Feb 02, 2006 14:16
I think I've been struck with the wanderlust. I just want to get in my car and drive wherever it can take me. Anywhere. Unfortunately, I don't have the money to do this right now. I'd like to hang out with friends I never get to see. Like Esche, or Richard (that fucking weirdo, lolz). Or John and Robert. I know a good number of people scattered all across this great nation, and I think I'd like to see and spend some good times with them if I can muster the finances for it.
I think this is somewhat stemming from my alienation from the world, which is not necessarily self-imposed. I've never felt like a part of this place. Like I just don't belong, and sometimes, I think I honestly do not belong in this place. This feeling has been the impetus behind so many things in my life. Drug use, depression, thoughts of suicide. Not to sound melodramatic, that's not my intent at all. I choose to do all the things that I do, for good or for ill, but sometimes that hard knot starts working it's way through my stomach, up into my chest, and it just aches. I like myself and most things about me, but that doesn't mean that I feel the rest of the world is the same way. In a world where no one is really unique, I still feel different and apart from it. Too beautiful to live, too strange to die! Not really though. I'd say I'm too strange to die, certainly, but I'm not exactly beautiful. Handsome, maybe, but who's really keeping score in all this?
My first experience with drugs was when I was with Kristy. She had a really nasty habit for a while, and I guess I figured it'd bring us closer together. I was wrong. Some of those nights I spent, wide awake, with her but still so very alone, I honestly wanted to die. I was reaching out and she, for the most part, ignored me. I never got as heavy into it as she did, only going on maybe a five day bender before realizing that the shit was fucking evil. I never intended to get addicted, and I never was, or will be. That's one thing I refuse to let happen to myself. I even helped her quit when she finally realized she had a problem. For about the next month, Shamus and I housed and took care of her. She slept just about the entire time, only getting up to eat or go to the bathroom. The few days she spent in my house weren't exactly awesome, because I have to set an example for the younger siblings, y'see, and while helping a dopefiend get clean is an admirable task, it was for someone that just about everyone in my family bitterly disliked. So I caught some shit for that.
And after all that bullshit (along with a lot of other things that I could probably write about for hours on end), she ended the relationship when I, knowing that she was just using me as a ride, told her I wasn't going to do anything else for her. She didn't even bother responding to that after I said it, and I haven't spoken to her since, except to ask how Selphie was, and even then I didn't receive a response. I found out a few months later that she was talking shit about me. She probably still is. She told Ben, a mutual friend, that I started a heavy drug habit, which was not true. At the time, I was only occasionally smoking green, which is hardly as severe a drug as she was originally hooked on. I'm not too bothered by it, though. She can lie about me all she wants, the truth still shines through. In much the same matter, anyone who's known her long enough knows she's pretty much a compulsive liar who spins things in her favor. Oh, women. How I love you.

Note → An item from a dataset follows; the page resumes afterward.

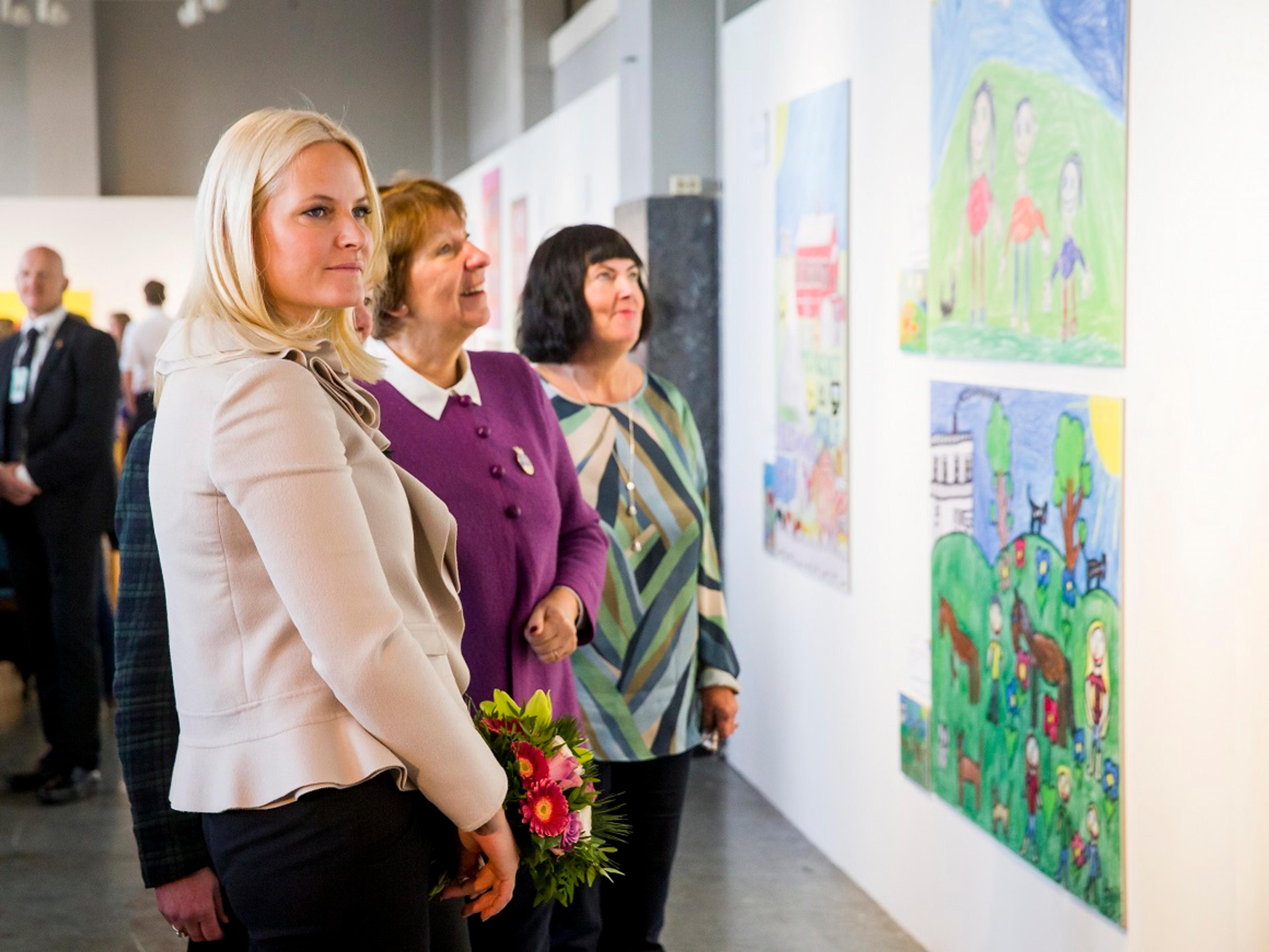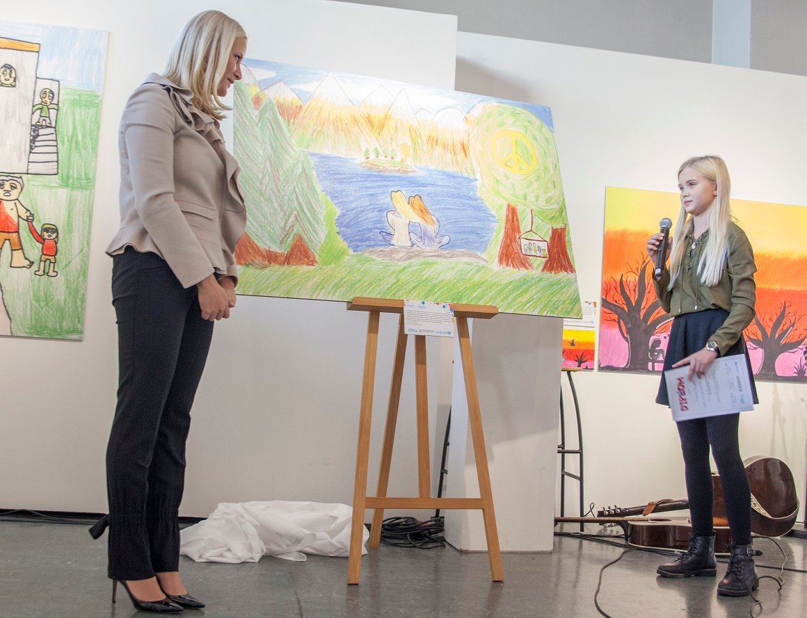 H.K.H. Kronprinsessa opna UNICEFs teikneutstilling «Dersom eg måtte flykte» i dag. Her har skoleelevar levd seg inn i flyktningars liv.

No, I'm not bitter. That'd be a useless thing to feel, honestly. What happened, happened, simple as that, and I can't change it and wouldn't change it. All that shit, and all that dirt, and everything else that was drowning me at the time was what allowed me to grow stronger and eventually claw my way out of the mess. I am who I am because of what happened, and honestly, I like who I am. She made me a better person, in that I refuse to allow myself to be harmed in such a manner anymore. This ties in quite nicely with the next woman I ran across.
Oh, Marjan... I do miss those nights or mornings sitting on her porch, drinking coffee and smoking cigarettes while talking about socialism and philosophy. They were good times, but it didn't last too long...
Some people do themselves a great disservice in shunning those that speak out against them. I still remember when I asked her why I hadn't seen or heard from her for a while after a minor argument, she said "I'm cutting the hassle out of my life." Well, that bothered me. So I said, plainly and flatly to her a few days down the road, "you've been a real bitch lately." She was shocked, and honestly, I wondered why. Then it kinda hit me. When you're surrounded by people who don't say shit to you when you act in a fucked up manner, you get used to compliance in all things. She once told me that Spencer surrounds himself with yes men, or women in his case, and she found that deplorable. Little did I know how ironic that would be, coming from her lips. After I called her a bitch and went home, she called me out over the phone. I had misunderstood her, she said. I don't buy that. I still don't. At that point I realized she and I could never be anything more than casual friends, and even that she didn't want. I haven't even really talked to her since then, by her own accord.
Still, life's not that bad. Just gettin' through it one day at a time.